→ **Task item**: What you give back must match the data exactly, minus the pictures.

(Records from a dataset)

..............................

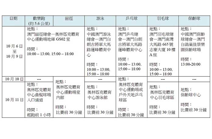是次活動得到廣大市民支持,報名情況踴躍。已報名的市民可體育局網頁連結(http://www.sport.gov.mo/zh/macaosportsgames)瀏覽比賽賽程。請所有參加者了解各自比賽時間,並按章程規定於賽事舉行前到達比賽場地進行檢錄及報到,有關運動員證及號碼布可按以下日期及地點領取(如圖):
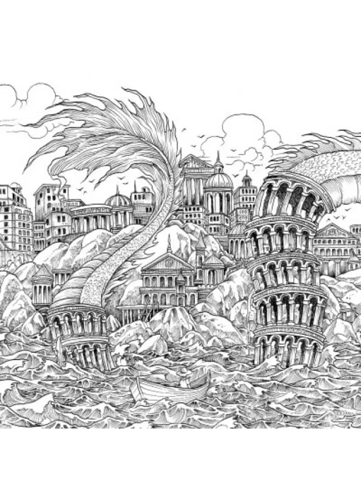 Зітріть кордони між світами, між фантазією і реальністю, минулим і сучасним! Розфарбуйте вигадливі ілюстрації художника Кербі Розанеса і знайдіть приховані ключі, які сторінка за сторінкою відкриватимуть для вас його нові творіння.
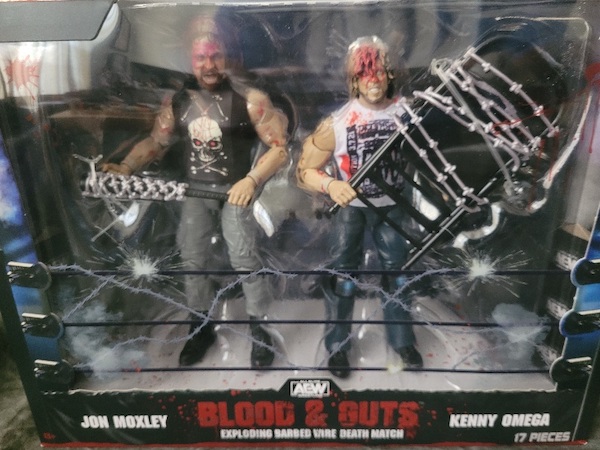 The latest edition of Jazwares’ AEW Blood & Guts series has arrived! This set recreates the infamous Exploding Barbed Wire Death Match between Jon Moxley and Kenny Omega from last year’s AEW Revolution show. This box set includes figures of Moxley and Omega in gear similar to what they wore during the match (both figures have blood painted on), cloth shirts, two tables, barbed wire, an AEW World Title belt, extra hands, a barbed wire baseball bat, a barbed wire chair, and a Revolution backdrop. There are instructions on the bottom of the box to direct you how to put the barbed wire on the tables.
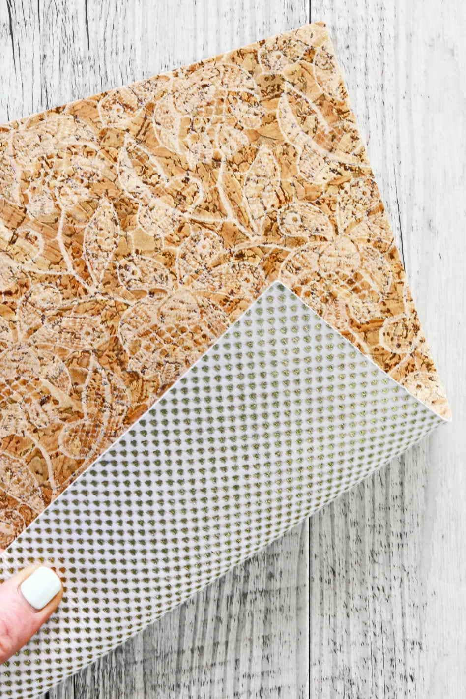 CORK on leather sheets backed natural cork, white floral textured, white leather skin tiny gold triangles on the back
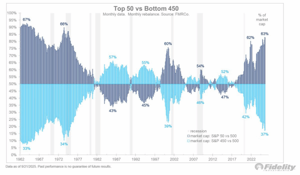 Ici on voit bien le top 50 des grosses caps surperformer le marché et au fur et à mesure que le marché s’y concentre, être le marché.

..............................

→ **Response below**:
是次活動得到廣大市民支持,報名情況踴躍。已報名的市民可體育局網頁連結(http://www.sport.gov.mo/zh/macaosportsgames)瀏覽比賽賽程。請所有參加者了解各自比賽時間,並按章程規定於賽事舉行前到達比賽場地進行檢錄及報到,有關運動員證及號碼布可按以下日期及地點領取(如圖):
 Зітріть кордони між світами, між фантазією і реальністю, минулим і сучасним! Розфарбуйте вигадливі ілюстрації художника Кербі Розанеса і знайдіть приховані ключі, які сторінка за сторінкою відкриватимуть для вас його нові творіння.
 The latest edition of Jazwares’ AEW Blood & Guts series has arrived! This set recreates the infamous Exploding Barbed Wire Death Match between Jon Moxley and Kenny Omega from last year’s AEW Revolution show. This box set includes figures of Moxley and Omega in gear similar to what they wore during the match (both figures have blood painted on), cloth shirts, two tables, barbed wire, an AEW World Title belt, extra hands, a barbed wire baseball bat, a barbed wire chair, and a Revolution backdrop. There are instructions on the bottom of the box to direct you how to put the barbed wire on the tables.
 CORK on leather sheets backed natural cork, white floral textured, white leather skin tiny gold triangles on the back
 Ici on voit bien le top 50 des grosses caps surperformer le marché et au fur et à mesure que le marché s’y concentre, être le marché.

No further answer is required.